WORK TO COMPLETE: Taking the entries below, transcribe only the lines starting with the one with "รอยตำหนิ: ตาสีเหลือง หางกวักโค้งไปทางขวา" and going on through the one with "Cartoon de tartaruga", exactly as written, without the pictures.

TASK INPUT:
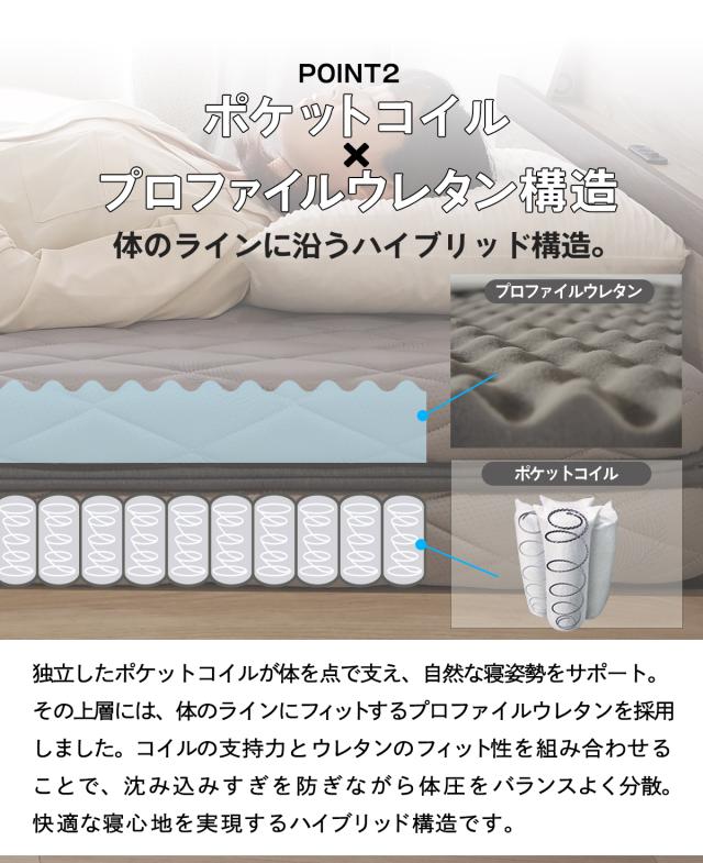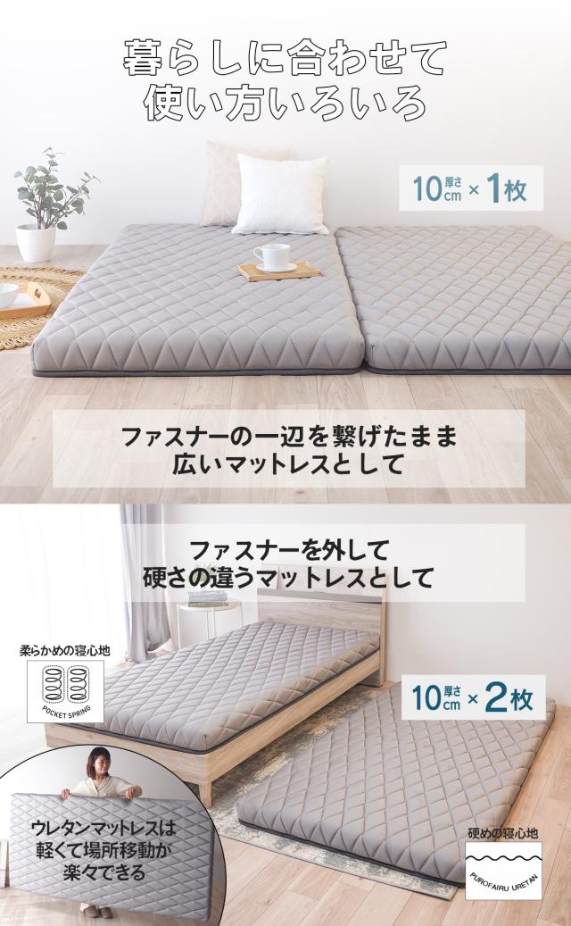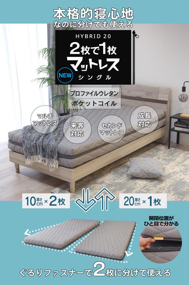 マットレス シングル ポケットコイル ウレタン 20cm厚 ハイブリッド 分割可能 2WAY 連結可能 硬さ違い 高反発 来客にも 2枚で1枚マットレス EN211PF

* * *

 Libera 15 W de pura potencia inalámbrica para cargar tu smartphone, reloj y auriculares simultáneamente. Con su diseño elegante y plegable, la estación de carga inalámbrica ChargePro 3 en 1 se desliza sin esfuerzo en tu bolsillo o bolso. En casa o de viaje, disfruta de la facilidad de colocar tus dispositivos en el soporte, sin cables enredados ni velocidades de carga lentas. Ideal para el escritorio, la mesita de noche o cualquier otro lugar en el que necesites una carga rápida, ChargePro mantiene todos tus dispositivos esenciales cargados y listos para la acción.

...

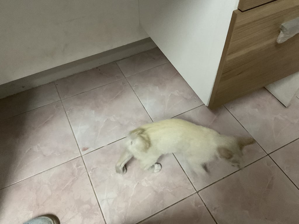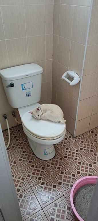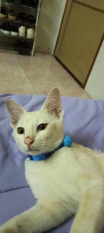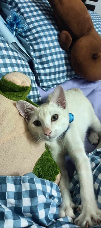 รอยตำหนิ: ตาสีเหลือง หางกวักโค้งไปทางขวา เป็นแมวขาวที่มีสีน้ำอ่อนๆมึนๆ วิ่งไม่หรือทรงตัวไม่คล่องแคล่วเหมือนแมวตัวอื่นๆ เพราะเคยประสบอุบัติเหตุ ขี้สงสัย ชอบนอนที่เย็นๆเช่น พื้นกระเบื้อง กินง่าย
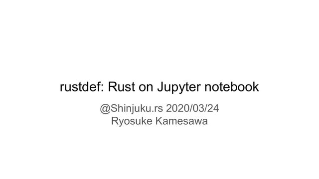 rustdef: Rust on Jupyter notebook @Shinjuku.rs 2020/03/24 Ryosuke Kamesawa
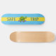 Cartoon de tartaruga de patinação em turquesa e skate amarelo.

ANSWER BOX:
 รอยตำหนิ: ตาสีเหลือง หางกวักโค้งไปทางขวา เป็นแมวขาวที่มีสีน้ำอ่อนๆมึนๆ วิ่งไม่หรือทรงตัวไม่คล่องแคล่วเหมือนแมวตัวอื่นๆ เพราะเคยประสบอุบัติเหตุ ขี้สงสัย ชอบนอนที่เย็นๆเช่น พื้นกระเบื้อง กินง่าย
 rustdef: Rust on Jupyter notebook @Shinjuku.rs 2020/03/24 Ryosuke Kamesawa
 Cartoon de tartaruga de patinação em turquesa e skate amarelo.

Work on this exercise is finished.